Everyone suffers. The banner of Christ is no shield against the hardships of life. After all, we live together in a fallen world.
But what are my options as a believer when faced with pain or trauma or tragedy? If I believe in God and I believe in His promises, shall I dismiss James’s admonition to "consider trials of every kind pure joy” (James 1:2-4, NIV)? When faced with trouble, or distress, or persecution, or danger, or famine, or death, do I trust Paul when he promises that nothing can separate me from the love of Christ (Romans 8:35-39)? And dare I take faith a step further, and recognize that my suffering may feel like crap, but out of that crap good things can germinate and grow: endurance, character, hope (Romans 5:3-4).
There are days that I wail like Job, cry out like David, and doubt like Thomas. There are times that I’m bitter like Naomi, crushed like Elijah, and fearful as the eleven hidden in the inner room. And all of those responses are normal. Let me say it again, every single one of those feelings are normal responses to adverse stimuli. And, listen to this: Every single one of those people was acceptable to God—despite their less-than-stellar, not-so-spiritualgiantlike moments.
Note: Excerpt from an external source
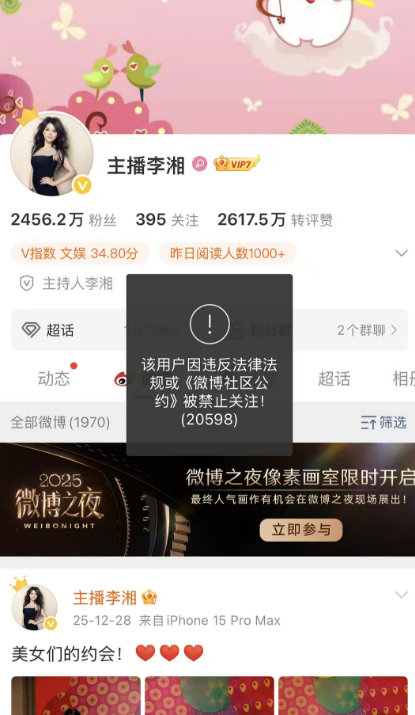 李湘平台限制李湘被各平台禁止关注李湘全平台被禁止关注,她怎么了?最近的动态也很少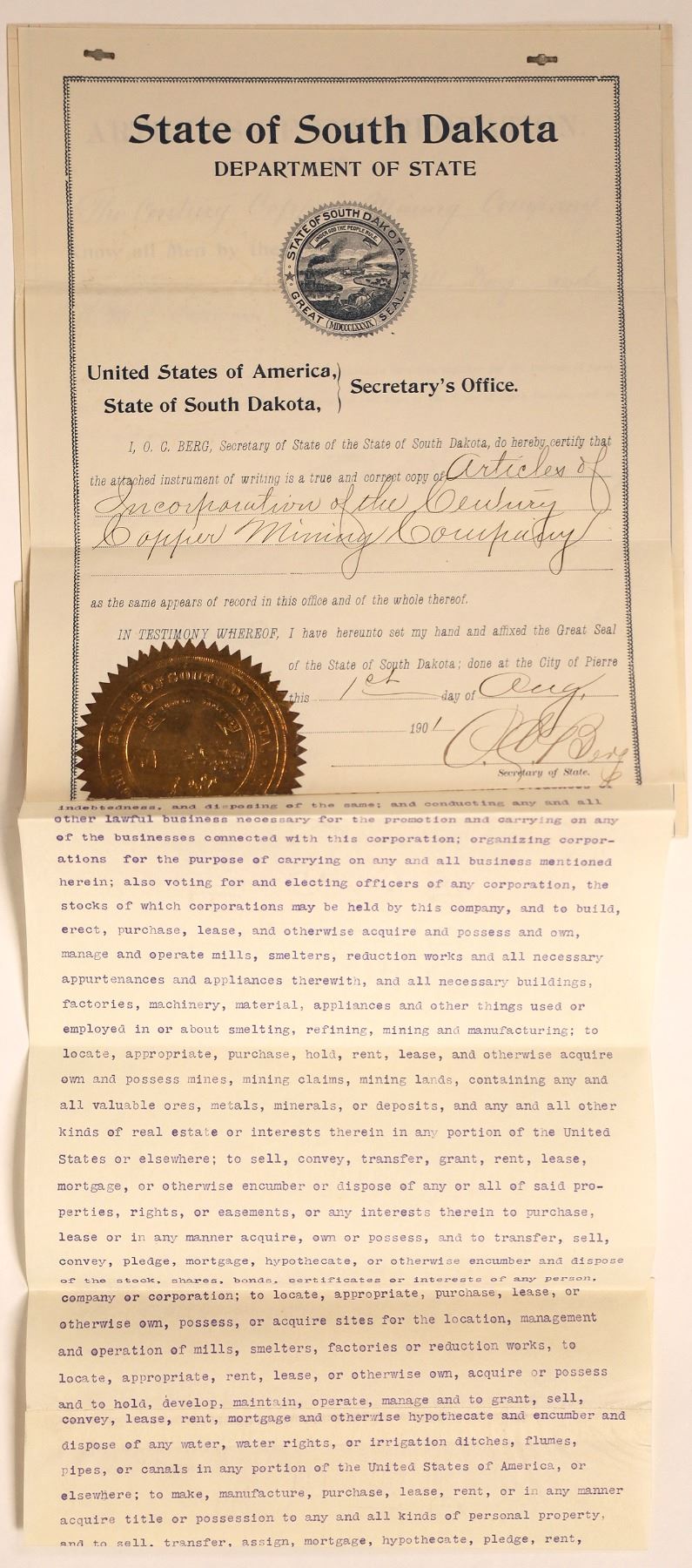 Original articles of incorporation dated 1900 for this Colorado miner signed by the three company officers: Boyer, King and Tallman. The document was signed in Arapahoe County, Colorado. There were 625,000 shares authorized at $1 per share. It appears that the company decided to change their state of incorporation to South Dakota in 1901, and that is reflected by this document. Large gold seal on the front. Typed pages showing the company's authorized activities and purposes. An interesting look into the legal matters of this mining company.

So, on days where the hot breath of fear warms my neck, or nights when tears are a constant threat, or whole seasons in which I stagger, punch-drunk with the weight of “what might be” on my shoulders—I will strive to find joy in my God as I lean into the strength of his love. And on days when I fail to get there, I’ll remember that a broken Chaka, wounded and limping is still acceptable to my Father in heaven.